My life will never be the same again. For the first time ever, I am finally my own boss and a good boss at that because I can pay myself a salary! I have also discovered that my desire for world domination is not merely a part of my crazy sense of humour, but something I can honestly achieve, if I keep working on all the other entries in my Diary of Secret Master Plans.
For Tanzanians in particular and Africans in general, I hope me winning the award gives people audacity. That boldness to think in billions without fear because you can say: if Eric is doing it, why not me?
I could have asked for any amount between US$100,000 and US$500,000. I chose US$328,000 because in Tanzanian shillings, you can pronounce the amount as “over half a billion shillings”. That word “billion” is why everyone is so excited despite the dollar amount being a drop in the ocean in the grand scheme of things.
When the media interviewed me after winning US$15,000 in Apps4Africa 2011, I said my dream was to take that US$15,000 and build a US$15 billion company within 15 years. The dream is slowly manifesting and the journey continues!
Are you working on any other projects?
I develop a new product every two years. Minishop is my flagship product and pretty mature, so earlier this year I began developing a product to help professional organisations stay on track. This is more of an enterprise play, and like Minishop, it already has a paying customer even before version one is due to be released this coming quarter.
Have you been able to get any sponsors for your projects?
I make commercial products, so “sponsor” is not the right word, perhaps “investor” is a better fit.
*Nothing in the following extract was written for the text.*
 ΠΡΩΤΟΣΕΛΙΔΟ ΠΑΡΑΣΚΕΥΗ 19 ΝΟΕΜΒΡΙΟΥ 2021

FSDT, through this grant, is my biggest sponsor at the moment. I am on the lookout for private investors that think big, have a long-term view, enjoy a good laugh, and don’t mind supporting a hard-headed engineer who wakes up at 3pm to start work because that’s how he is wired to change the world.
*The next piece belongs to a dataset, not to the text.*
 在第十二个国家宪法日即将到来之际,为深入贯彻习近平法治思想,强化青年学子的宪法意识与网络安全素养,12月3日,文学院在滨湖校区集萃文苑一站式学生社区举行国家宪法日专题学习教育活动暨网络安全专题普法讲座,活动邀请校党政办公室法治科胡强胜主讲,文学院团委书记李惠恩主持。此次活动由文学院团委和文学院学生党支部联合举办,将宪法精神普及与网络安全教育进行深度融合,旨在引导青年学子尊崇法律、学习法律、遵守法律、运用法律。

Are there other people working on the project with you given that you started working alone?
I have been writing code for 16 years. I am extremely particular about the way things should be done in the product development side of things, so I still handle all of that myself. With the grant, I am going to hire up to seven problem solvers to help with other things. I have no problem attracting top talent, especially with all the news going around, but paying them well is a challenge so I have already started work on raising the next round of investment.
Do you have bigger plans for the future?
Yes. I want Minishop in every shop, on every street, of every city in the world. I want to build a company that will outlive my great grand children. I want to see what kind of engineering it takes to build a business with a trillion dollar market cap. I want world domination.
Who has been your mentor in the field?
Why pick one when you can have all of them? I have a very analytical mind as part of my engineering heritage, so I love to read stories of successful companies and extract general lessons that I can apply to myself. The Amazon “Kindle” is my mentor – through it I can buy biographical books on almost any company and read to my heart’s content.
Do you do any mentorship yourself?
Not as much as I would like to. I love teaching because it helps me refine my knowledge every time I try to frame it in ways that average people can understand. Having struggled to get to where I am, I am sympathetic to young people with great talent and unlimited hope. At some point I want to build a world-famous engineering school where African kids can come build the future.
How would you like to see the future of Tanzania in ICT?
I have the privilege and ambition to be the guy who defines that future. We have one of the most vibrant mobile sectors on the continent, with fierce competition and rapid innovation in product offerings. I want the mobile operators to be more open to third-party integration, especially with mobile money. I want Tanzanian kids to be computer literate by age 10. I want ICT to be the lifeblood of the most efficient government on the planet. I want a National Software Act that codifies these objectives and recognises that technology presents the golden opportunity for tapping into Africa’s unbounded potential. It is a good time to be African!